# How to Integrate Retool with Propertybase

- Tool: Retool
- Difficulty: Intermediate
- Time required: 30 minutes
- Last updated: April 2026

## TL;DR

Connect Retool to Propertybase by creating a REST API Resource using Salesforce's REST API — since Propertybase runs on the Salesforce platform, you authenticate with Salesforce OAuth and use SOQL queries to access Propertybase's real estate objects including listings, transactions, contacts, and commissions.

## Build a Real Estate Brokerage Operations Panel Using Propertybase in Retool

Propertybase gives real estate brokerages a purpose-built CRM on top of Salesforce, complete with MLS listing management, transaction coordination, and commission tracking. While Propertybase's own interface works well for agents, operations managers and brokerage administrators often need cross-agent reporting views, commission pipeline summaries, and listing performance dashboards that Propertybase's standard UI doesn't easily provide. Retool delivers this through direct Salesforce API access.

Since Propertybase is built on Salesforce, your Retool integration uses Salesforce's mature REST API — the same API used for custom Salesforce integrations. Propertybase's data lives in custom Salesforce objects following Propertybase's naming convention (pb__ prefix for managed package objects). Once authenticated, you can run SOQL queries against listings, transactions, contacts, and commission records exactly as you would against any Salesforce org, giving you full flexibility to build whatever reporting or management views your brokerage needs.

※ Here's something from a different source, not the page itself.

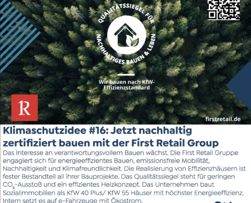 Klimaschutzidee #16: Jetzt nachhaltig zertifiziert bauen mit der First Retail Group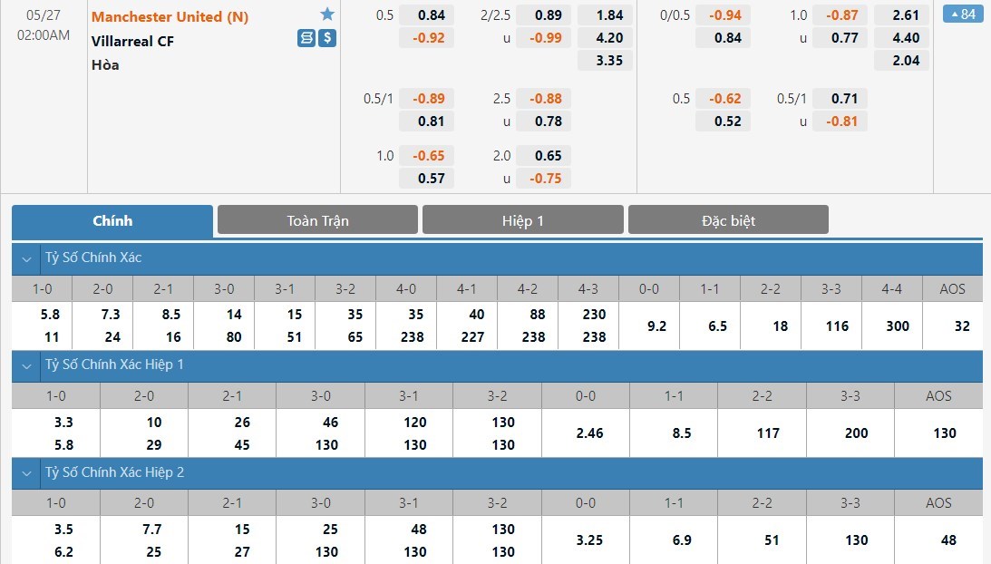 Man United vẫn được đánh giá cao hơn Villarreal rất nhiều ở kèo đấu này. Tỷ lệ cược của Man United chỉ là 1 ăn 1.84 trong khi đó Villarreal có tỷ lệ cược là 1 ăn 4.20. Tỷ số hòa có tỷ lệ cược là 1 ăn 3.35. Man United mùa này thi đấu rất ấn tượng ở sân chơi Europa League. Tung ra sân đội hình mạnh nhất, Man United sẽ đủ khả năng để lấn lướt Villarreal và đội bóng Anh sẽ có chiến thắng ở trận này.

This integration is particularly valuable for creating executive dashboards that show listing inventory by agent, transaction pipeline value, commission projections for the current month, and lead conversion rates — data that requires cross-joining multiple Propertybase objects and is difficult to view cohesively in Propertybase's native reports.

## Before you start

- A Propertybase account with API access enabled (requires Propertybase on Salesforce Enterprise or above)
- Salesforce System Administrator access to create a Connected App for OAuth authentication
- Your Salesforce org's instance URL (e.g., https://yourorg.my.salesforce.com)
- A Retool account with permission to create Resources
- Knowledge of Propertybase's custom object API names (pb__Listing__c, pb__Transaction__c, etc.) — consult your Propertybase admin or the Object Manager in Salesforce Setup

## Step-by-step guide

### 1. Create a Salesforce Connected App for Retool authentication

Since Propertybase runs on Salesforce, you'll create a Salesforce Connected App to authenticate Retool. Log into your Salesforce org with System Administrator credentials and navigate to Setup (gear icon → Setup). In the Quick Find box, search for 'App Manager' and click New Connected App.

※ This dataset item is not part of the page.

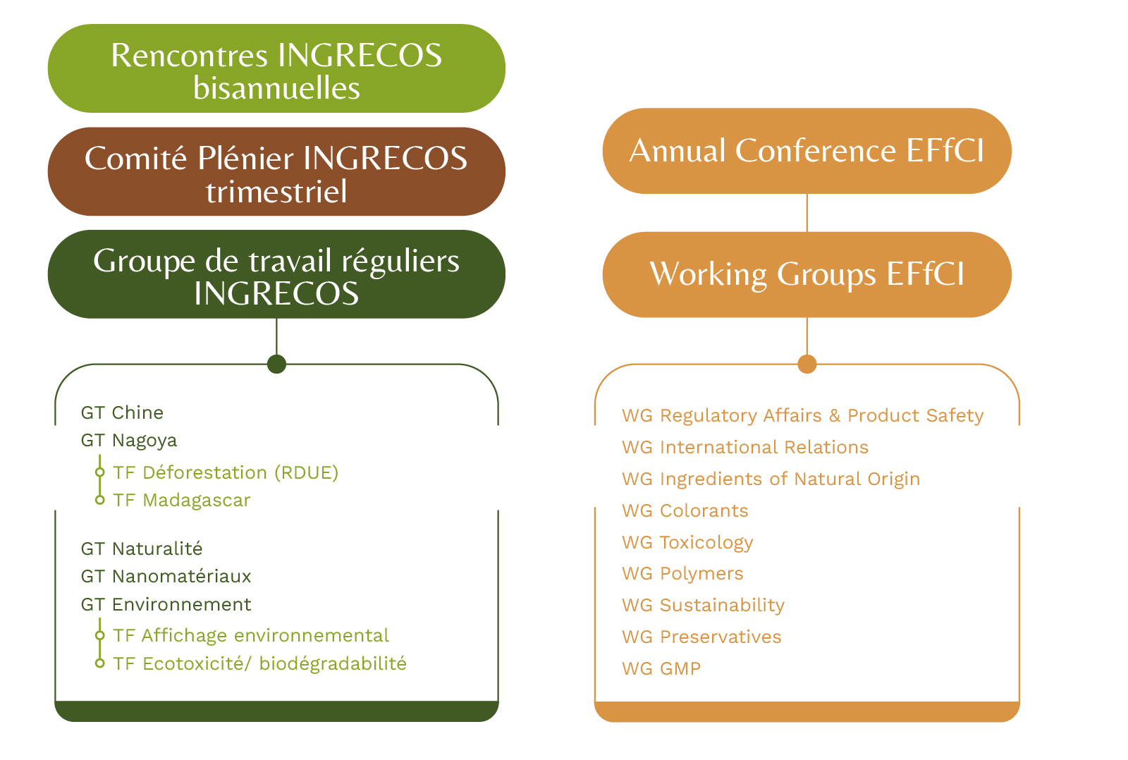 - Adhésion à l’EFfCI : En devenant membre d’INGRECOS, vous adhérez automatiquement à l’EFfCI, la fédération européenne des ingrédients cosmétiques, et pouvez participer à ses Working Groups et sa Conférence Annuelle.

Fill in the required fields: Connected App Name = 'Retool Integration', API Name = 'Retool_Integration', Contact Email = your admin email. In the API (Enable OAuth Settings) section, check 'Enable OAuth Settings'. For the Callback URL, enter https://retool.com/auth/verify — you'll update this later if needed.

In the Selected OAuth Scopes section, add: Access and manage your data (api), Perform requests on your behalf at any time (refresh_token, offline_access), and Access unique user identifiers (openid).

Save the Connected App. Salesforce will display the Consumer Key (client_id) and Consumer Secret (client_secret). Copy both values — you'll need them for Retool. Note: it may take 2-10 minutes for the Connected App to become active after saving.

For the OAuth 2.0 username-password flow (simpler for service accounts), you also need an API-enabled Salesforce user's username and password plus their security token (resetable from Profile → Reset My Security Token).

**Expected result:** A Salesforce Connected App named 'Retool Integration' exists in your Salesforce org with OAuth settings configured. You have the Consumer Key and Consumer Secret values ready for Retool resource configuration.

### 2. Configure a Salesforce REST API Resource in Retool

Go to the Resources tab in your Retool instance and click Add Resource. Select REST API from the resource type list. Name the resource 'Propertybase (Salesforce API)'.

In the Base URL field, enter your Salesforce org's instance URL followed by the API version path: https://yourorg.my.salesforce.com/services/data/v59.0. Replace 'yourorg' with your actual Salesforce org subdomain, and adjust the API version (v59.0) to the current Salesforce API version if needed.

For authentication, use the OAuth 2.0 username-password flow for service account access. In the Authentication section, add a default header: key = Authorization, value = Bearer {{ retoolContext.configVars.SF_ACCESS_TOKEN }}.

To obtain the access token, you'll run a one-time token exchange. Create a temporary JavaScript query that POSTs to https://login.salesforce.com/services/oauth2/token with your client_id, client_secret, username, password+security_token, and grant_type=password. Extract the access_token from the response and store it as a Retool configuration variable named SF_ACCESS_TOKEN.

For production use with token refresh, store both the access_token and instance_url from the OAuth response in configuration variables and implement a Retool Workflow that refreshes the token before it expires (Salesforce access tokens expire after 2 hours by default unless configured otherwise).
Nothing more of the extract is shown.